Mais les relations se sont progressivement réchauffées ces derniers mois et Emannuel Macron et son homologue algérien Abdelmadjid Tebboune ont exprimé leur volonté de les « approfondir » lors d’un entretien téléphonique le 18 juin.
Fin avril, Abdelmadjid Tebboune avait félicité Emmanuel Macron pour sa
réélection et l’a invité à se rendre en Algérie. « Le rapide retour à une situation normale, suite à la grave crise des derniers mois (…) est en rapport avec les tensions régionales, notamment en Libye, qu’il ne faudrait pas occulter ou minimiser », décortique Amar Mohand-Amer auprès de l’AFP.
« La géopolitique régionale très instable commande des postures fortes sur le moyen et long terme et la consolidation des relations politiques et économiques entre les deux pays », ajoute l’historien.
« Instrumentation »
Le président du parti d’opposition Rassemblement pour la culture et la démocratie (RCD), Athmane Mazouz, souligne que les « relations entre le système de pouvoir en Algérie et la France officielle sont rythmées par des crises et de pseudo-retrouvailles depuis l’indépendance du pays ».

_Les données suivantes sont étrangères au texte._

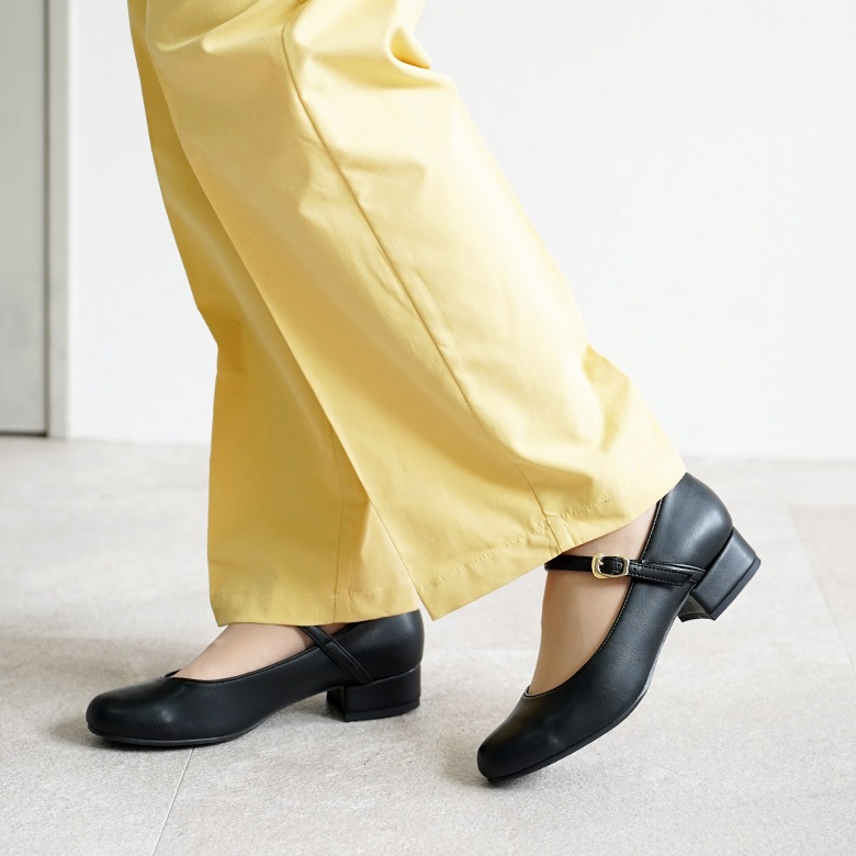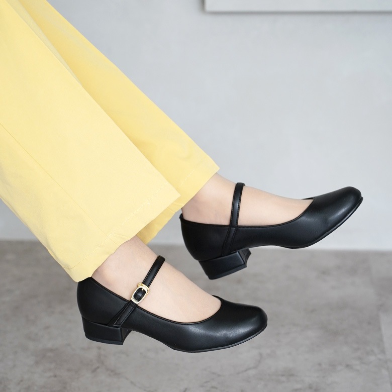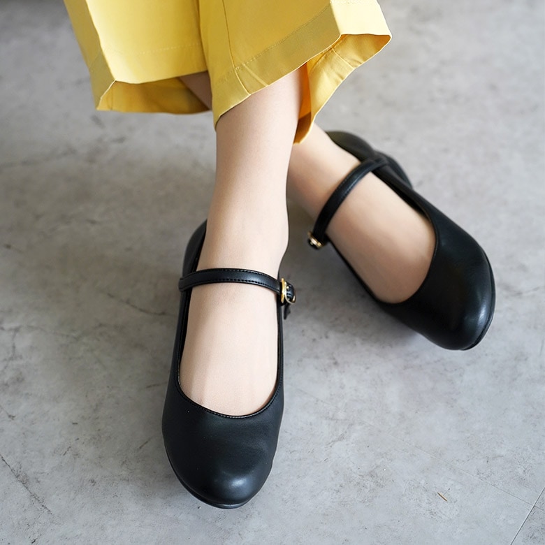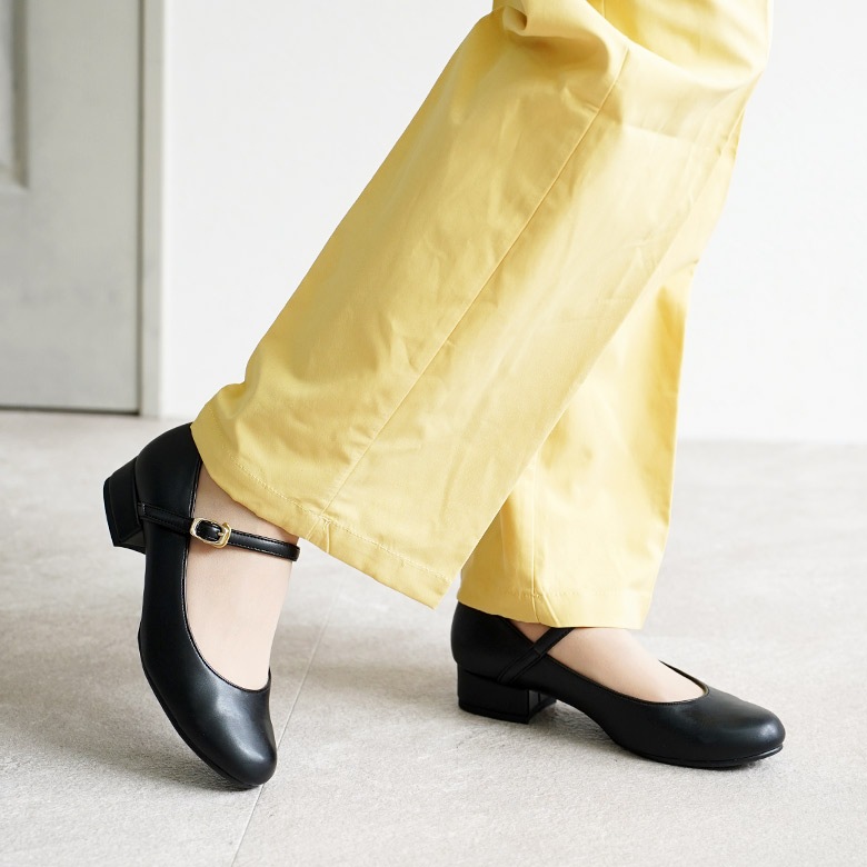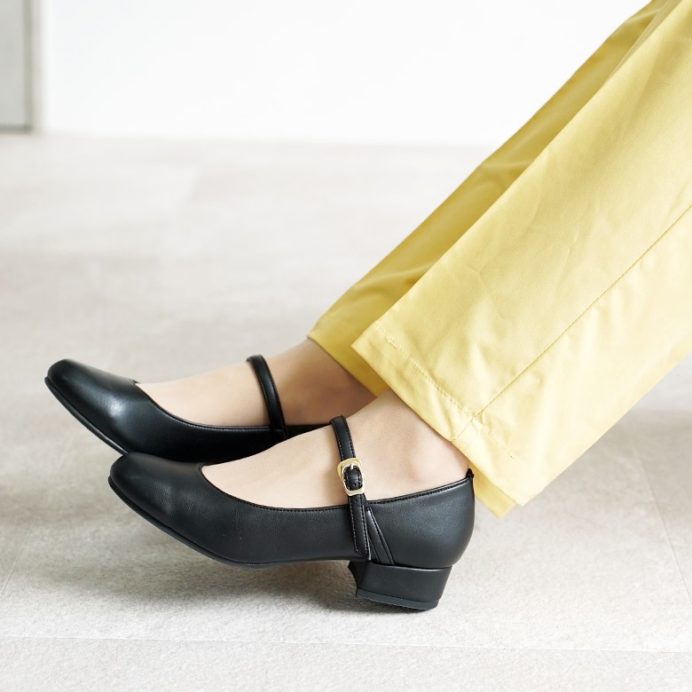 ベルト付きの太ヒールのラウンドパンプスです。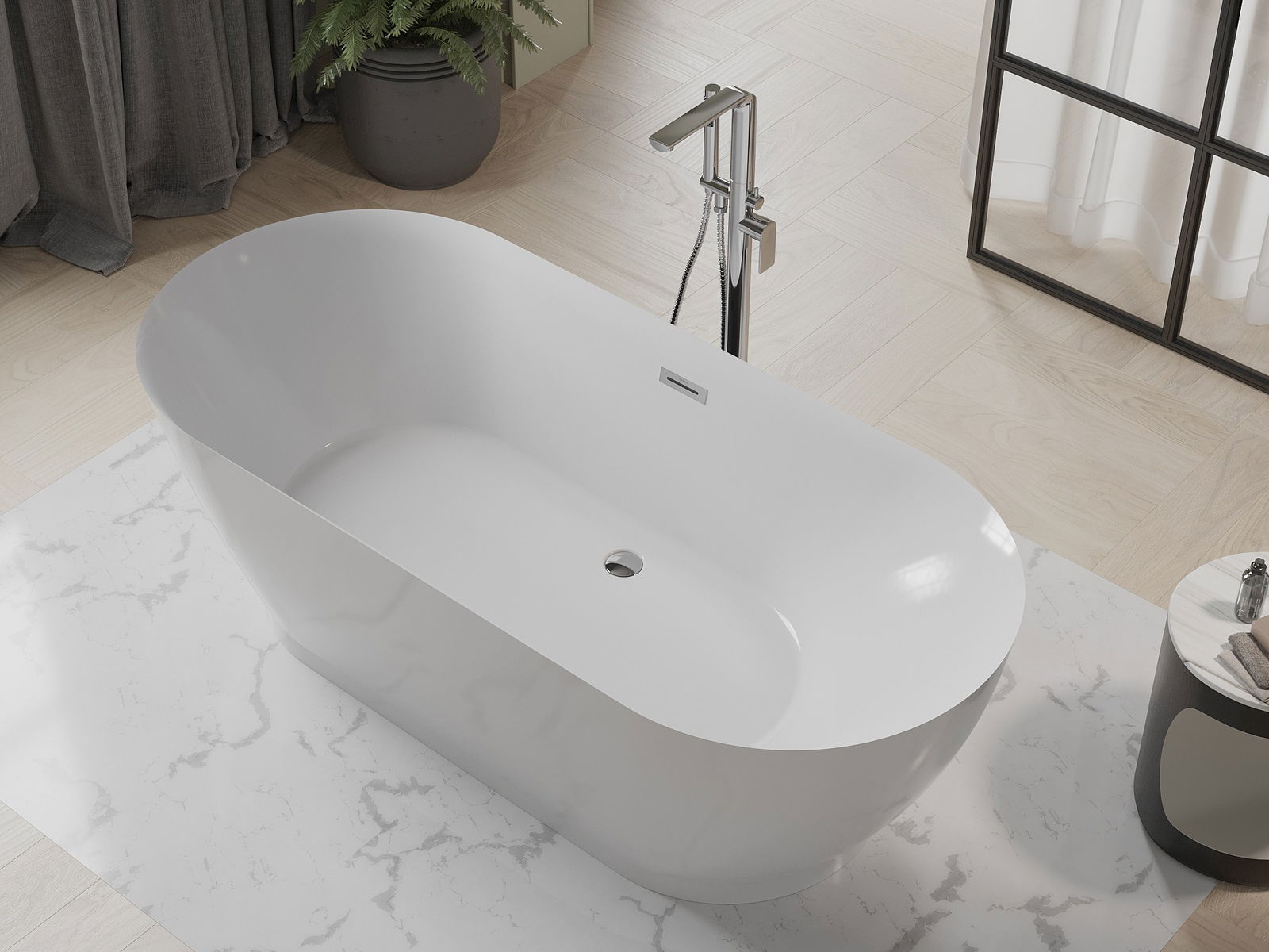Mexen Roxy baignoire autoportante 180 x 85 cm, blanche, trop-plein chromé - 51201808500-01

« Au stade actuel, personne ne peut parier un sou pour parler de refondation. L’instrumentation de cette relation d’un côté comme de l’autre n’échappe à personne », ajoute-t-il.
Amar Mohand-Amer redoute que la politique de réconciliation mémorielle d’Emmanuel Macron ne soit mise à rude épreuve par les récents succès électoraux du parti d’extrême droite de Marine Le Pen, le Rassemblement national, en France.
Marine Le Pen avait en effet réaffirmé en mars que « la colonisation avait contribué au développement de l’Algérie », reprochant à Emmnanuel Macron une politique consistant à « passer sa vie à s’excuser sans rien demander en contrepartie à un gouvernement algérien qui ne cesse d’insulter la France ».
« La montée fulgurante du Rassemblement national aux législatives en France n’augure rien de bon. L’extrême droite française va transformer ce mandat en un grand champ de bataille mémoriel où le révisionnisme et la falsification de l’histoire seront omniprésents », met en garde l’historien Amar Mohand-Amer.
Sur le plan intérieur, le pouvoir a mis à profit l’anniversaire pour tenter d’alléger les crispations, trois ans après avoir été ébranlé par les manifestations prodémocratie du Hirak.
Abdelmadjid Tebboune a en effet lancé en mai une initiative pour briser l’immobilisme politique en recevant à tour de rôle plusieurs dirigeants de partis politiques, y compris de l’opposition, et des responsables d’organisations syndicales et patronales.